Build Your Career Network During College Years

Over the past weekend, I began reading Julia Freeland Fisher’s new book Who You Know: Unlocking Innovations that Expand Students’ Networks. Julia underscores how students are increasingly interacting with professionals from a wealth of industries via video chats and social learning platforms, not just in person.  

How students connect—to one another, to their teachers, and to new adult mentors, industry experts, and role models—stands to shift dramatically in the coming decades,” Fisher says. “These innovations in turn stand to disrupt the limitations ingrained in all students’ inherited networks.”

Until these new channels are more widely available, students should increase efforts to build their networks the old-fashioned way—personal, one-on-one follow up. And there is no better place to start than with speakers who visit your campus.

Mark Hass, professor of practice at Arizona State University, agrees. “Students have a great opportunity when they are at school, not just to learn from their teachers and other mentors, but also to take advantage of the willingness of established professionals to help the next generation launch and advance careers. There is not a single professional I know, including global agency CEOs and Fortune 50 CCOs, who do not welcome a chance to help a student get started. All a qualified student needs to do is ask.”

Besides Mark, I also asked Southeast Missouri State professor Susan Gonders what holds students back from proactively engaging with established professionals. She offered great advice that includes networking outside the classroom.

“The comfort zone for many students is like a sponge – sitting quietly and soaking up whatever comes their way,” Susan explained. “The best opportunities are not likely to seek the sponge. So students who go to conferences should not cling to one another; they should sit next to (and get acquainted with) someone who might network them with a job or internship. When students hear guest speakers, they should take the initiative to thank the speaker. Professionals are flattered to be asked questions, and they usually welcome a student who asks to shadow them for a day. When a career opportunity becomes available, the professional thinks first of the student who connected with him at a conference, or wrote him a thank-you note, or otherwise showed the assertiveness that is essential in building relationships.
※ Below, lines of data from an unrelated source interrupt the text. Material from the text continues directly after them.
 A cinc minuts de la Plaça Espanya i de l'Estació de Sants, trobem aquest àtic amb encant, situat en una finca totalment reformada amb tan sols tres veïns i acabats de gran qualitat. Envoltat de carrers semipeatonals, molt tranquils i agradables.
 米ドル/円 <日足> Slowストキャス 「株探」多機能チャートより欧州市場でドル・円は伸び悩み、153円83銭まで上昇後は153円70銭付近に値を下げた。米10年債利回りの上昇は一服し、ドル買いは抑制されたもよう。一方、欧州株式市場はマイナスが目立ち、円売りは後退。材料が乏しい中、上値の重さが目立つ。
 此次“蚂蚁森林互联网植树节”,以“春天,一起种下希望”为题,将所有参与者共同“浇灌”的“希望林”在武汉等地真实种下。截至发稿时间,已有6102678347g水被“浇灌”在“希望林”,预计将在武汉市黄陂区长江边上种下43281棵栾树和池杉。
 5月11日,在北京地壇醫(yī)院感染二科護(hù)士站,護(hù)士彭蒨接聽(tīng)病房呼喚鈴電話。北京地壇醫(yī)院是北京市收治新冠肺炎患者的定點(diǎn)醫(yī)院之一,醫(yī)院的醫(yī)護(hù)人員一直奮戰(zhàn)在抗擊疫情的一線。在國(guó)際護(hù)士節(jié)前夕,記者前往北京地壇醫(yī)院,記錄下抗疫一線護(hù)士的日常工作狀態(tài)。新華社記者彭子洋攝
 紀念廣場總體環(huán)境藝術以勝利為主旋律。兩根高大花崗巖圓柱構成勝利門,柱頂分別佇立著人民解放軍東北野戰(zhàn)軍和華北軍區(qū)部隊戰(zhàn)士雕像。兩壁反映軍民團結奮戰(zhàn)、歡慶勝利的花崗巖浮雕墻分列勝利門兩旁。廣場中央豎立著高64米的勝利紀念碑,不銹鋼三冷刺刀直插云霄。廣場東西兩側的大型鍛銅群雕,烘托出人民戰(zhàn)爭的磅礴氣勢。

So students should stop waiting for opportunities to come their way. They should reach for those opportunities.”

Pat Ford, professional in residence at the University of Florida and former vice chair of Burston-Marsteller, offers these valuable insights for high-potential young pros and future pros:

“Many of us spend a great deal of time and effort to create opportunities for students and young professionals but perhaps not enough time in teaching how to recognize and seize opportunities. Even the best opportunities are often hard to recognize; I sometimes wish they would come wrapped in a Tiffany box with ‘how-to’ instructions inside. But, alas, they don’t.
“Harold Burson likes to talk about the importance of ‘defining moments.’ We all have them in our lives, but are we aware of them when they arise? And do we have the initiative and ambition and courage to take a chance and seize them?
“I know I squandered numerous opportunities early in my career because I didn’t realize what various mentors — or potential mentors — were trying to do to help me and thus I didn’t want to impose. That realization is part of what drives me later in my career to be more proactive about how I mentor high-potential PR pros and future pros. At some point, however, they need to want to accept that help.”